[Opening Records shown section]

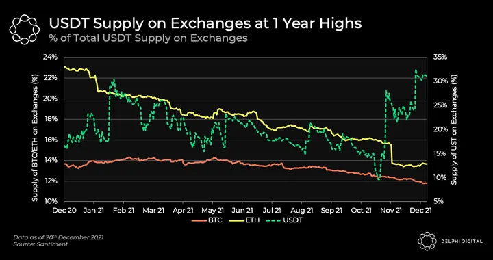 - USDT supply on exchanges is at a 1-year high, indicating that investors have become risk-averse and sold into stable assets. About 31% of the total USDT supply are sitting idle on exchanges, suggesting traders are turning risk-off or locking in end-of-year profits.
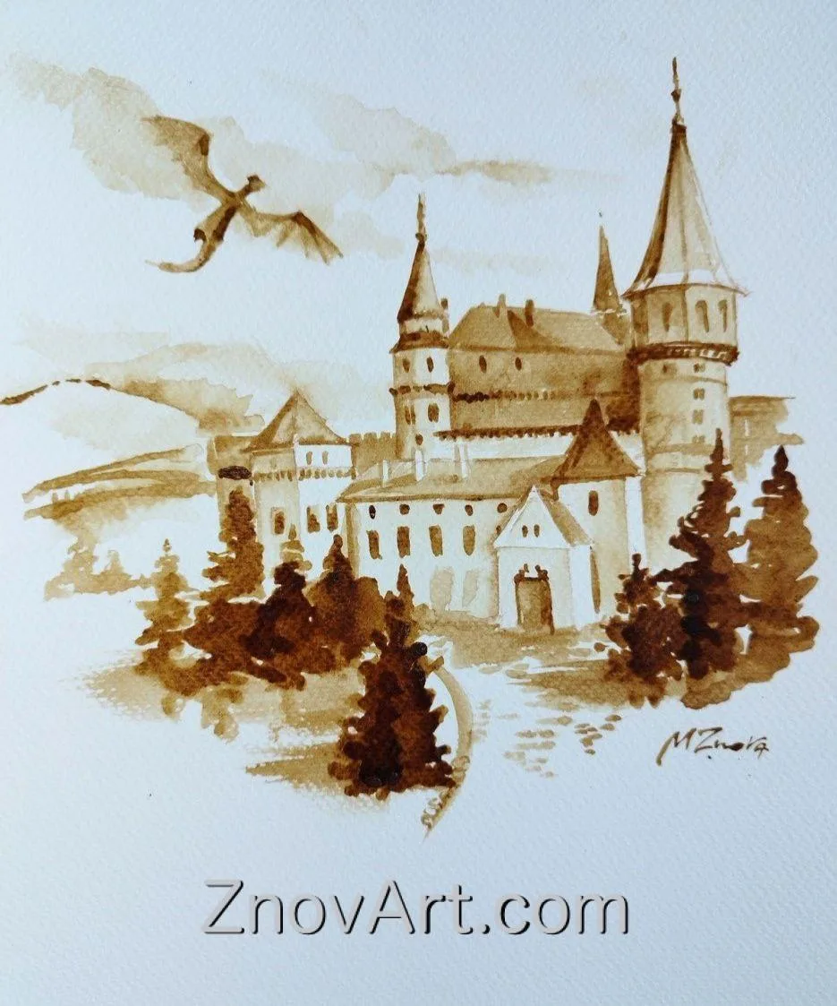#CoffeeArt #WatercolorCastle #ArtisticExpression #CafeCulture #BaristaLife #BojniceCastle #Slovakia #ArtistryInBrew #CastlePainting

[Closing Records shown section]
[Opening Records shown section]

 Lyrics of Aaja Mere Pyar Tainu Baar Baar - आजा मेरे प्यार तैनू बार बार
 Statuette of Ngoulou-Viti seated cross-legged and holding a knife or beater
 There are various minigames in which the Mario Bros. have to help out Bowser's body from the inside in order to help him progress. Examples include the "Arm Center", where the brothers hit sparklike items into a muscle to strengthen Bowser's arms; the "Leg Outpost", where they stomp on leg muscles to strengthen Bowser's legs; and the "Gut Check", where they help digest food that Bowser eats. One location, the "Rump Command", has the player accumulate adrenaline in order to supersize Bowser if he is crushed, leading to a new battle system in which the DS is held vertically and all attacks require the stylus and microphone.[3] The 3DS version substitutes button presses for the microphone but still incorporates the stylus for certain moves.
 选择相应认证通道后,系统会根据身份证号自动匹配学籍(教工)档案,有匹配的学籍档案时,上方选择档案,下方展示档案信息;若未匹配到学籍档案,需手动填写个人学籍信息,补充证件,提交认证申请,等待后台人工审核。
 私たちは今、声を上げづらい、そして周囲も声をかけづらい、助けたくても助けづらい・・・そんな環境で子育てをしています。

[Closing Records shown section]
[Opening Records shown section]

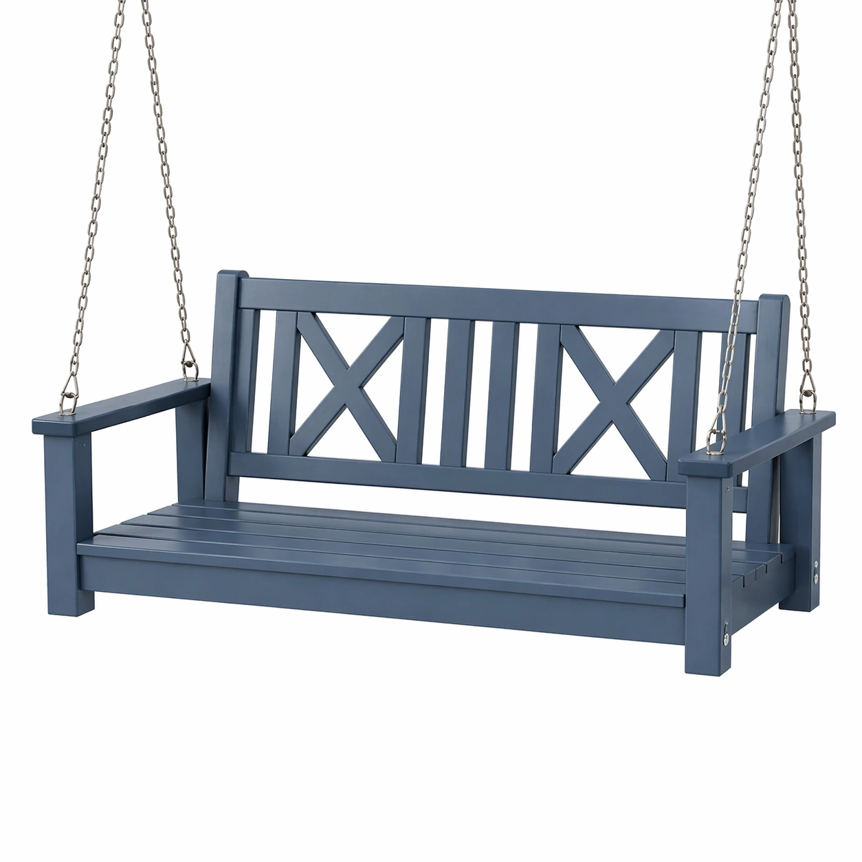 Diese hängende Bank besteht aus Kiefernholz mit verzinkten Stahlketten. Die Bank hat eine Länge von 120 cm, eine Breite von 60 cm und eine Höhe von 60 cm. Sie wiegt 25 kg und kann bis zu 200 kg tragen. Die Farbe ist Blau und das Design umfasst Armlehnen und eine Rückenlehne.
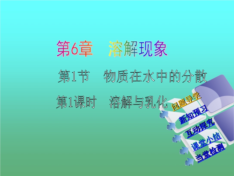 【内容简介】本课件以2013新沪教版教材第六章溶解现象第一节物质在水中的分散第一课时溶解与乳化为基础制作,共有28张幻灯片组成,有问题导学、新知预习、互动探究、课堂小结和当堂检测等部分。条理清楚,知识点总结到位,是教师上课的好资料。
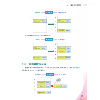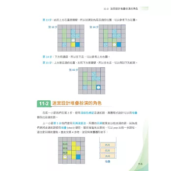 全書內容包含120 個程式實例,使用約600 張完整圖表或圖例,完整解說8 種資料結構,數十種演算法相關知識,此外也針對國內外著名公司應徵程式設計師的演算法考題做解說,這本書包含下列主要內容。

[Closing Records shown section]

## What you will do:
Would you set down only the lines above from the line with "- USDT supply" to the line with "#CoffeeArt #WatercolorCastle #ArtisticExpression", both included, exactly as they stand and without the pictures?

## Completed exercise:
 - USDT supply on exchanges is at a 1-year high, indicating that investors have become risk-averse and sold into stable assets. About 31% of the total USDT supply are sitting idle on exchanges, suggesting traders are turning risk-off or locking in end-of-year profits.
#CoffeeArt #WatercolorCastle #ArtisticExpression #CafeCulture #BaristaLife #BojniceCastle #Slovakia #ArtistryInBrew #CastlePainting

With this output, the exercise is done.